— INPUT DATA —
⟨
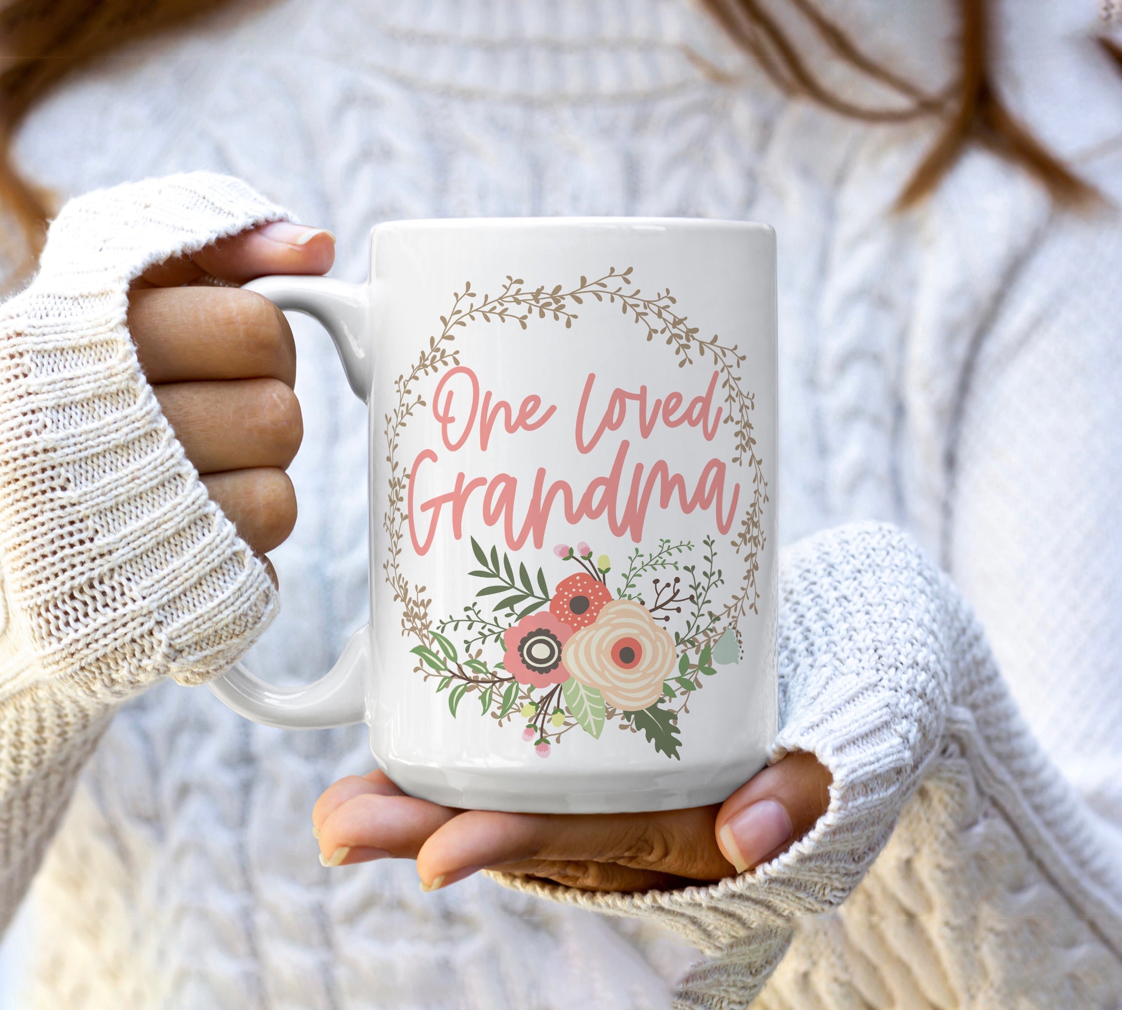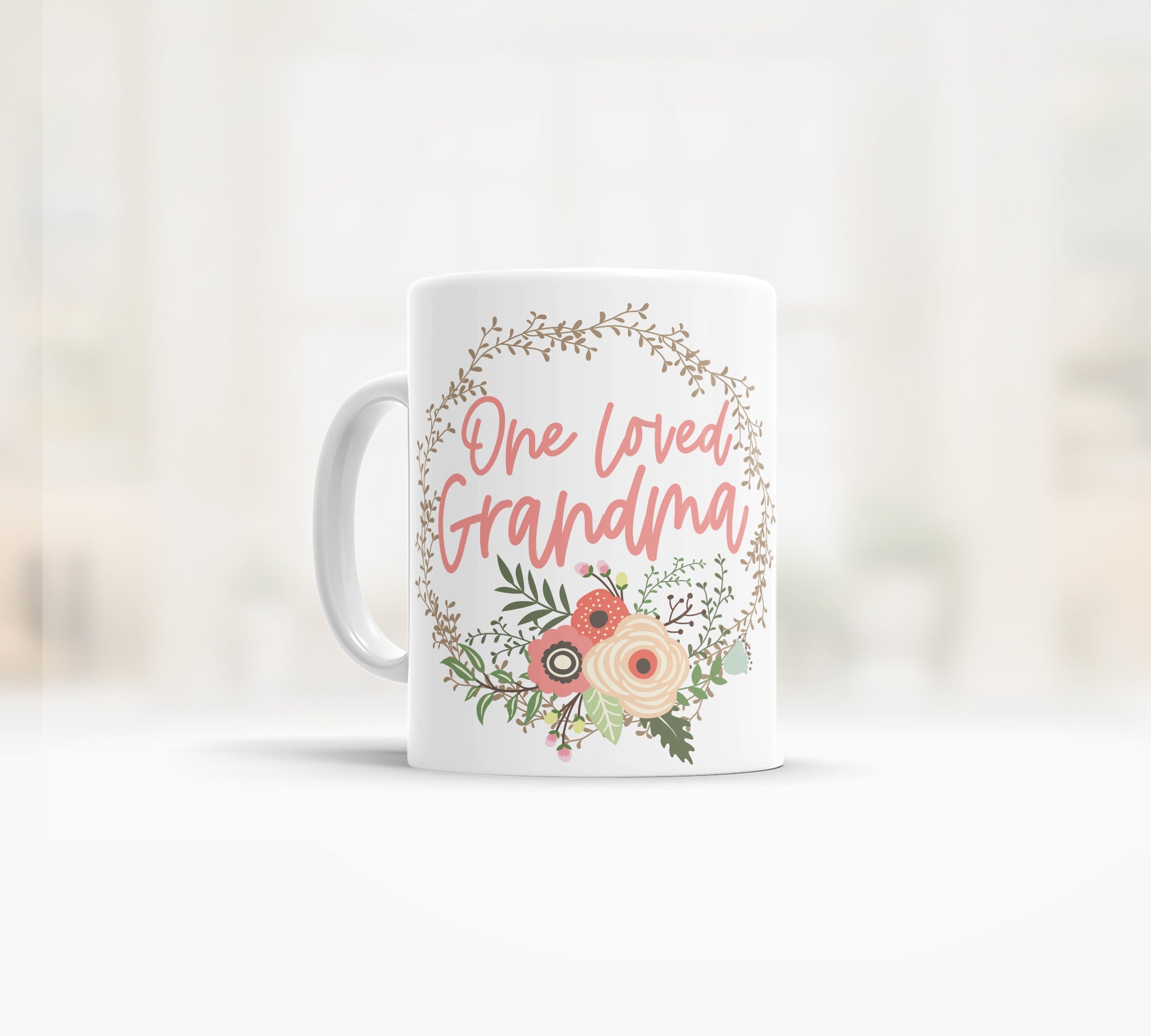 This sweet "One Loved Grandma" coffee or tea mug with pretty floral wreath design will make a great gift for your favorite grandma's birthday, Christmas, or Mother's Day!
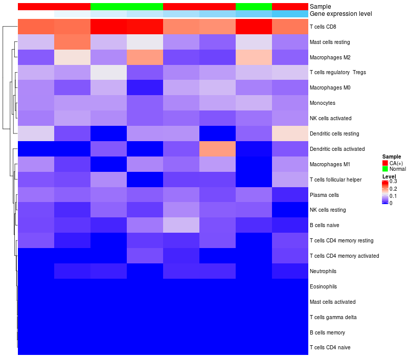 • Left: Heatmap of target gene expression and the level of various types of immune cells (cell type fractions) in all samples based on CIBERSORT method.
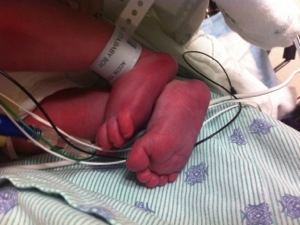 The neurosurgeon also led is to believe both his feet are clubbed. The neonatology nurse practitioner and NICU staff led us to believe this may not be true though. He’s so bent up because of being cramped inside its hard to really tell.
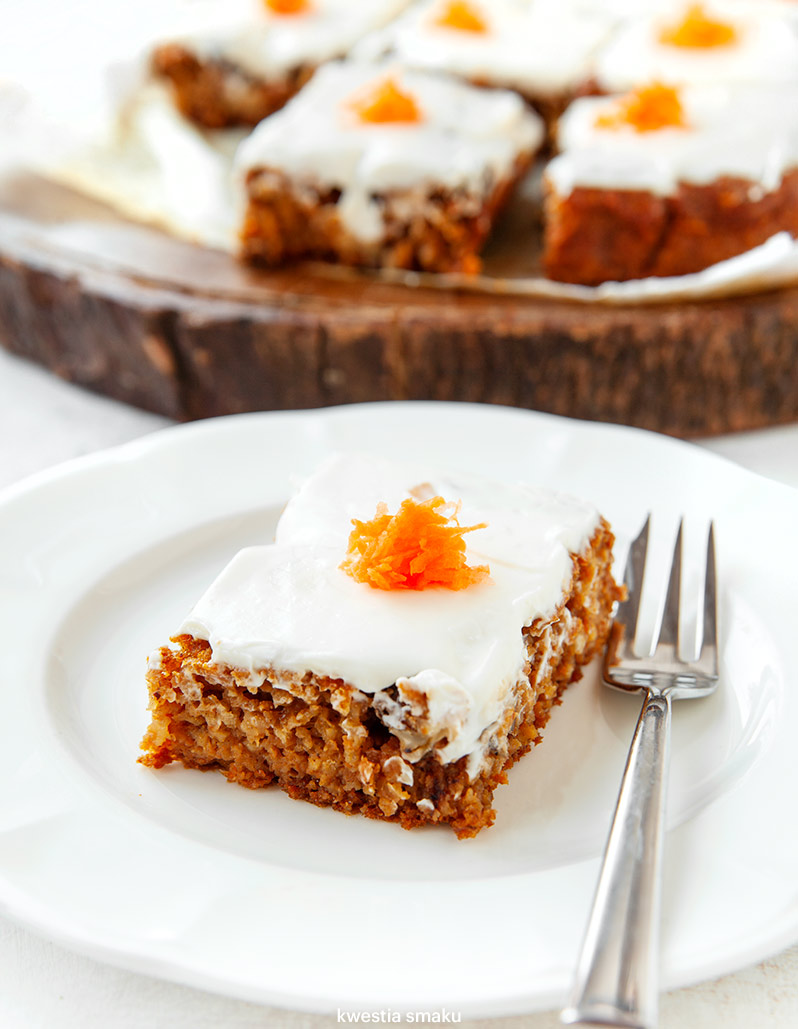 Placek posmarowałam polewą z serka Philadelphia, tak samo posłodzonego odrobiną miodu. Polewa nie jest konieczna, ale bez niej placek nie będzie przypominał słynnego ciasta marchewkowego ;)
⟩
— TASK DETAILS —
The copy must start at the line containing "The neurosurgeon also" and stop at the last line of the listing, both included, with every line exact and no pictures.

— RESULT OF THIS TASK —
 The neurosurgeon also led is to believe both his feet are clubbed. The neonatology nurse practitioner and NICU staff led us to believe this may not be true though. He’s so bent up because of being cramped inside its hard to really tell.
 Placek posmarowałam polewą z serka Philadelphia, tak samo posłodzonego odrobiną miodu. Polewa nie jest konieczna, ale bez niej placek nie będzie przypominał słynnego ciasta marchewkowego ;)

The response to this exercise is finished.